When the dropout probability reached 0.2, the RMSE of the predicted value of the feed density in the thickener was approximately 3.08, and there was a good match between the actual and predicted data. However, when the dropout probability increased or decreased, the RMSE significantly increased, and the mismatch became significant. In summary, the dropout probability was optimized in a trial-and-error manner using feedback from the predictive data. Finally, the model results of the feed ore density based on the HGA-LSTM, GA-LSTM, and LSTM were obtained, as presented in Figure 9.

The LSTM model was optimized through trial and error based on heuristics using the feedback of the predicted data. The performance of the LSTM, GA-LSTM, and HGA-LSTM on the testing dataset is presented in

Table 3. Comparison results of LSTM, GA-LSTM, and HGA-LSTM.
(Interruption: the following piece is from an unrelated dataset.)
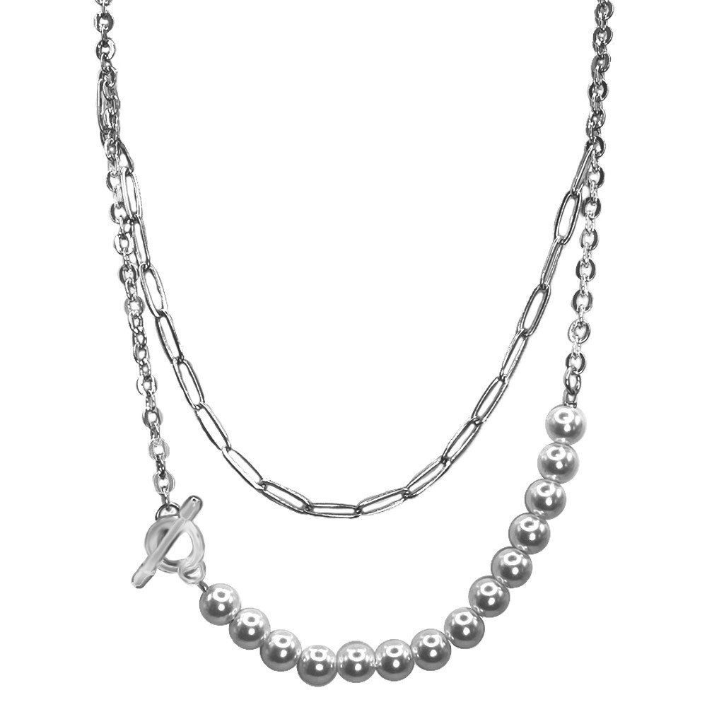 Stainless Steel Necklace With Pearls And Toggle Lock

Method	RMSE	Improvement (%)	ARGE	Improvement (%)
LSTM	3.83	-	0.119	-
GA-LSTM	3.21	15.45	0.0839	26.5
HGA-LSTM	3.08	19.5	0.0752	36.8

.

As shown in Table 3, the HGA-LSTM model is significantly better than the GA-LSTM and LSTM models. The predicted RMSE values of the LSTM, GA-LSTM, and HGA-LSTM models were 3.83, 3.21, and 3.08, respectively, and the predicted result was enhanced by 15.45% and 19.5% compared to those of the GA-LSTM and LSTM models, respectively. The predicted ARGE values of the GA-LSTM and HGA-LSTM models were 0.0839 and 0.0752, respectively, and the predicted outcome was enhanced by 26.5% and 36.8% compared to those of the GA-LSTM and LSTM models, respectively.

The outstanding performance derived from the HGA-LSTM model was probably because the architecture of the LSTM network and time window were optimized effectively by combining the excellent global and local searching capabilities. The results demonstrate that the proper adjustment of parameters plays a critical role in achieving the desired performance. Thus, the highly effective proposed method can be used to ascertain the optimal hyperparameters for intelligent models based on deep learning algorithms, and this work expresses the potential for its application in actual industrial cases.

6. Conclusions

In this study, an efficient and potentially intelligent model was proposed to determine the feed ore density in a thickener. The main strategy was to employ an LSTM function optimized by an HGA combining the SQP algorithm and GA. In this method, the HGA was used to search the appropriate hyperparameters of the LSTM to improve the modeling performance. Finally, the proposed intelligent model based on the HGA-LSTM was successfully applied to an actual thickener case. This work can be extended to other scenarios where online measurement of pulp concentration is required.